とりあえず、これで最新のクエストの進捗状態は分かった。どう動くか、みんなと相談していこうか。他のPTの人も一緒に内容を聞いていたのか、各自のPTで作戦会議を始めていた。
「さて、現状は分かったし『浄化の欠片』を集めるのがメインになるだろうけど、どう動く?」
「……とりあえず、現在地の確認をしないかな?」
「そうだね。ヤナギさんの場所に転移してきたから、今の位置は分からないね」
「そういやそうだな。次からはまず現在地の確認が最優先かもな」
確かにそれもそうだな。赤の群集の出入り口のすぐ近くとかだとマズいだろうし、次からは気を付けよう。……オオカミ集団に気を取られたっていうのもあるにはあるけどさ……。
ともかく1回マップを最大表示にして、現在地の確認をしてみるか。あー、まだ殆どマップ情報が埋まってないから、空白地帯だらけだ。埋まっているのは昨日の森林深部エリアからそれほど離れていない湖までの間と、ザリガニから逃げ回った時の逃走経路だな。
そして現在地は、昨日の地点より南西に結構離れた位置か。全体図がまだわからないし、これは今ある情報分を任意提供して、多少の情報ポイントは捨てる覚悟で提供済みのマップ情報を貰ったほうが良いのか……? いや、その前に競争クエスト情報板で情報をやり取りする方が先か。重要な部分の座標だけならそれで情報共有もかのうだしな。

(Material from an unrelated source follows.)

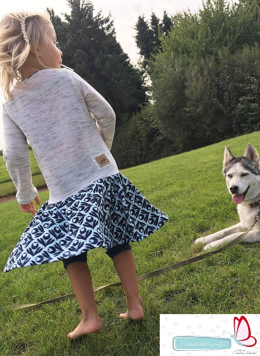 Das eBook „Lottchen“ ist ein vielseitiges Schnittmuster für Longshirt, Hoodie, Kleid oder Rock. Du kannst es aus dehnbaren Stoffen wie Jersey, Interlock oder Sweat nähen und die Varianten sogar miteinander kombinieren.
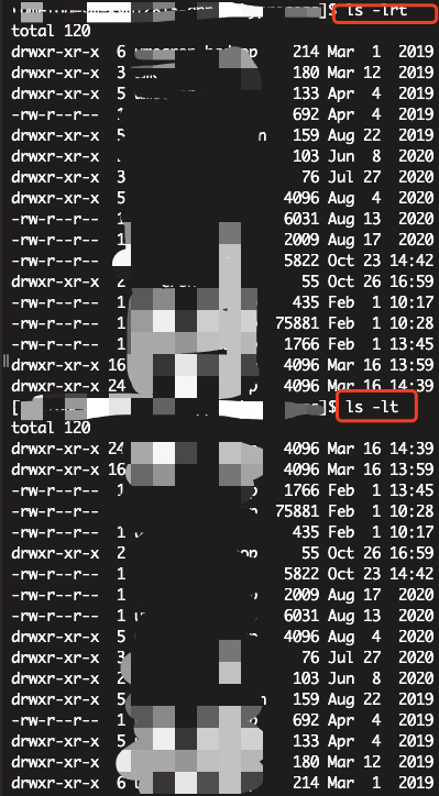 综上:ls -lrt 命令表示按修改时间倒序输出,最新修改的文件会排在下面(没有加 -r 的时候排在上面)。示例如下图:

「なぁ、そこのコケのケイさんか? いつも情報共有板で色々やってるPTだよな?」
「おう、そうだぞ。何かあったか?」
「いや、単に挨拶しとこうと思ってな。なんかあったら協力しようぜ?」
「そりゃもちろんいいぞ!」
「まぁそんだけだ。お互い頑張ろうぜ」
「おう! 赤の群集に勝とうな!」
話しかけてきたのは同じタイミングで転移してきた他のPTのリーダーだと思われる人。ちなみにネズミのプレイヤーだ。お互いに激励しあい、そして出発していった。向かった方向は北か。それなら別の方向に進んで見るべきかもしれないな。とりあえずこれはみんなと相談して決めよう。
とにかくクエストも少し進んできたし、赤の群集に負けないように頑張っていきますか!